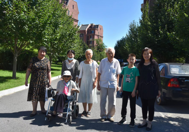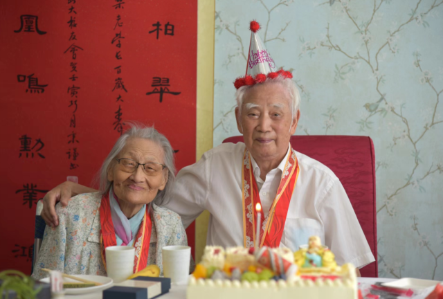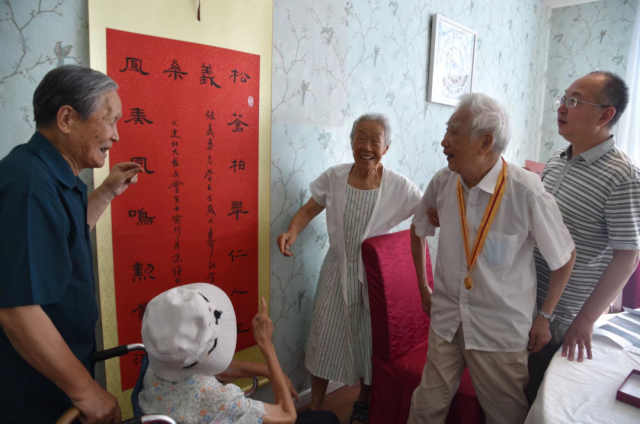 一同来看望张老的还有96岁高龄的陈庆道学长。陈学长1946-1949年在北大化学系学习,他曾组建北大理学院合唱团,团结进步力量,参加反内战、反迫害学生运动,迎接北平和平解放,毕业后来到大连,一直于化物所工作,退休前任大连化物所副所长。陈老和张老在沙滩红楼读书时曾住在同一个宿舍,陈老还是张老的入党介绍人。在祝贺张老百岁寿辰时,陈老还带来了自己撰写的寿联“玄鹤千年寿,青松万古春”。
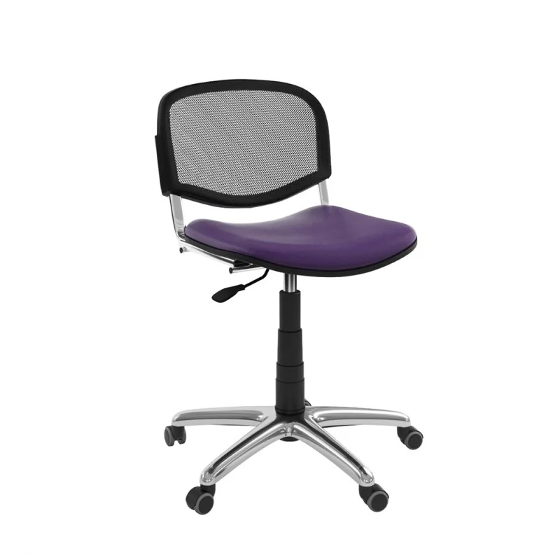 Assise rembourré en mousse souple revêtu en simili cuir, dossier en tissu mesh. Structure étoilé à 5 branches en métal chromé avec 05 roulettes tournantes roulantes à double galets.
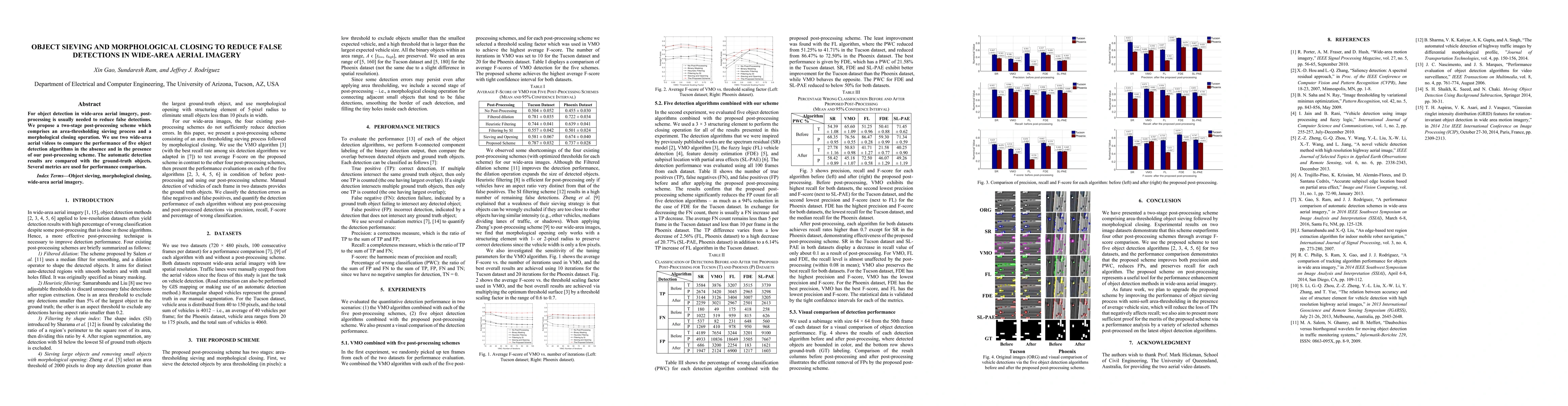 This paper proposes a two-stage post-processing method—object sieving and morphological closing—to reduce false detections in wide-area aerial imagery. The method is evaluated using two aerial videos and five object detection algorithms, showing improved performance metrics compared to ground-truth data.
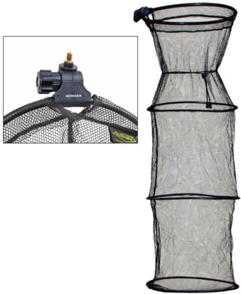 Sűrű szövésű, halkímélő hálóból készült, merev keretes haltartó szák. Az adapter fej tetszés szerint dönthető és a kívánt szögben stabilan rögzíthető. A strapabíró hálót 10 mm-es alumínium karikák merevítik, biztosítva ezáltal a zsákmány életben maradását, így a 3 méteres változatot, akár kisebb versenyen is használhatjuk.
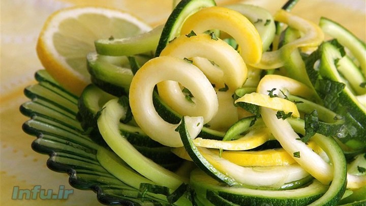 سپس کدو سبز و کدو زرد را درون یک ظرف بزرگ ریخته و آب لیمو تازه را کم کم به آن اضافه میکنیم پس از آن روغن زیتون ، نعناع و فلفل سیاه را اضافه میکنیم و به طور کامل به هم میزنیم .
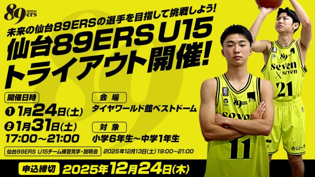 このたび、仙台89ERS U15チームでは、2025年度において小学6年生から中学1年生の男子を対象に「2026年度 仙台89E
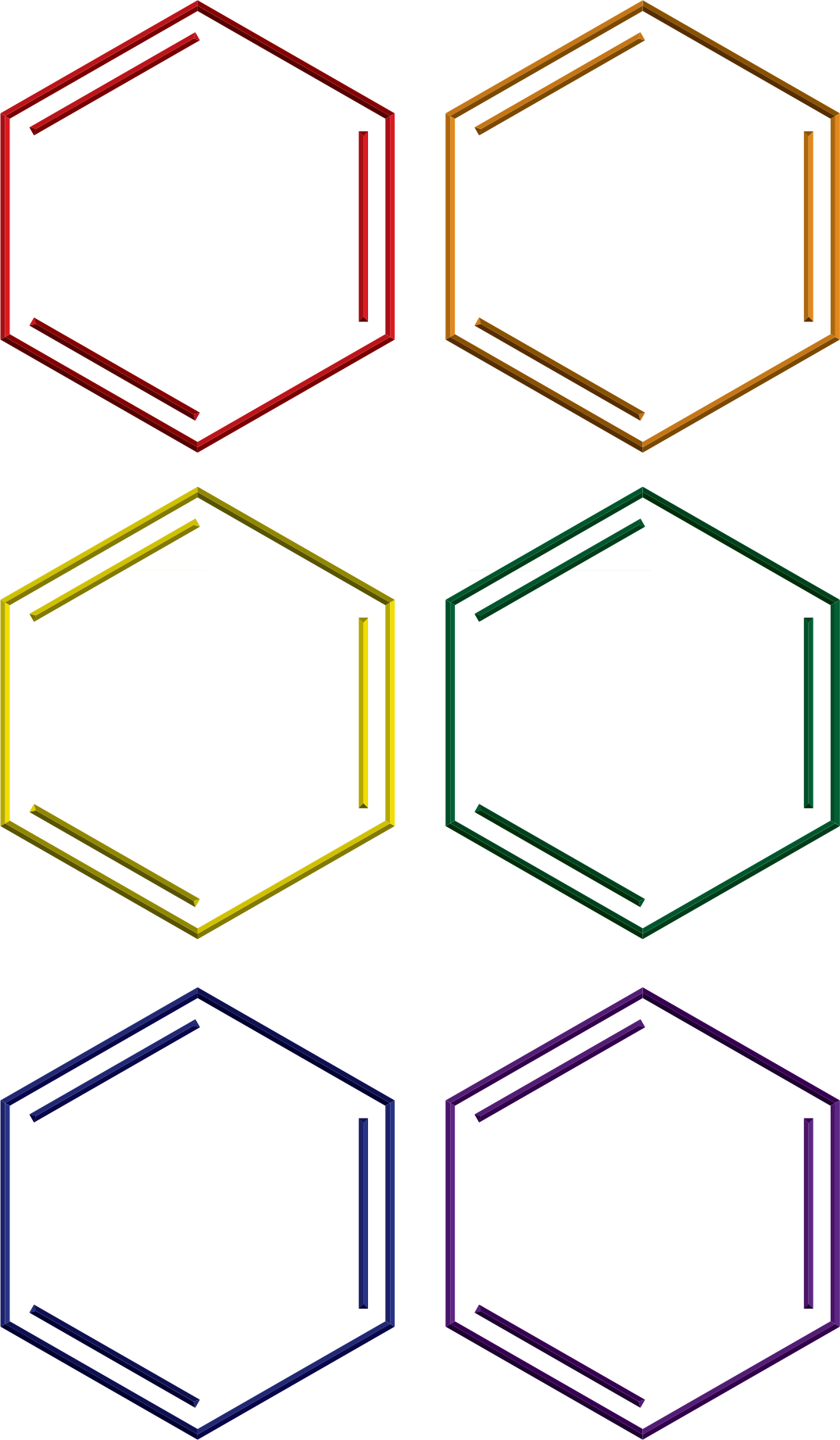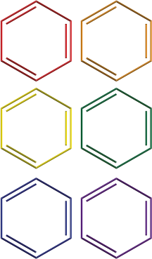 Benzene rings in rainbow colors

---

AIM OF THE TASK = Exclude the images and copy every record above exactly.

RESULT =
 一同来看望张老的还有96岁高龄的陈庆道学长。陈学长1946-1949年在北大化学系学习,他曾组建北大理学院合唱团,团结进步力量,参加反内战、反迫害学生运动,迎接北平和平解放,毕业后来到大连,一直于化物所工作,退休前任大连化物所副所长。陈老和张老在沙滩红楼读书时曾住在同一个宿舍,陈老还是张老的入党介绍人。在祝贺张老百岁寿辰时,陈老还带来了自己撰写的寿联“玄鹤千年寿,青松万古春”。
 Assise rembourré en mousse souple revêtu en simili cuir, dossier en tissu mesh. Structure étoilé à 5 branches en métal chromé avec 05 roulettes tournantes roulantes à double galets.
 This paper proposes a two-stage post-processing method—object sieving and morphological closing—to reduce false detections in wide-area aerial imagery. The method is evaluated using two aerial videos and five object detection algorithms, showing improved performance metrics compared to ground-truth data.
 Sűrű szövésű, halkímélő hálóból készült, merev keretes haltartó szák. Az adapter fej tetszés szerint dönthető és a kívánt szögben stabilan rögzíthető. A strapabíró hálót 10 mm-es alumínium karikák merevítik, biztosítva ezáltal a zsákmány életben maradását, így a 3 méteres változatot, akár kisebb versenyen is használhatjuk.
 سپس کدو سبز و کدو زرد را درون یک ظرف بزرگ ریخته و آب لیمو تازه را کم کم به آن اضافه میکنیم پس از آن روغن زیتون ، نعناع و فلفل سیاه را اضافه میکنیم و به طور کامل به هم میزنیم .
 このたび、仙台89ERS U15チームでは、2025年度において小学6年生から中学1年生の男子を対象に「2026年度 仙台89E
 Benzene rings in rainbow colors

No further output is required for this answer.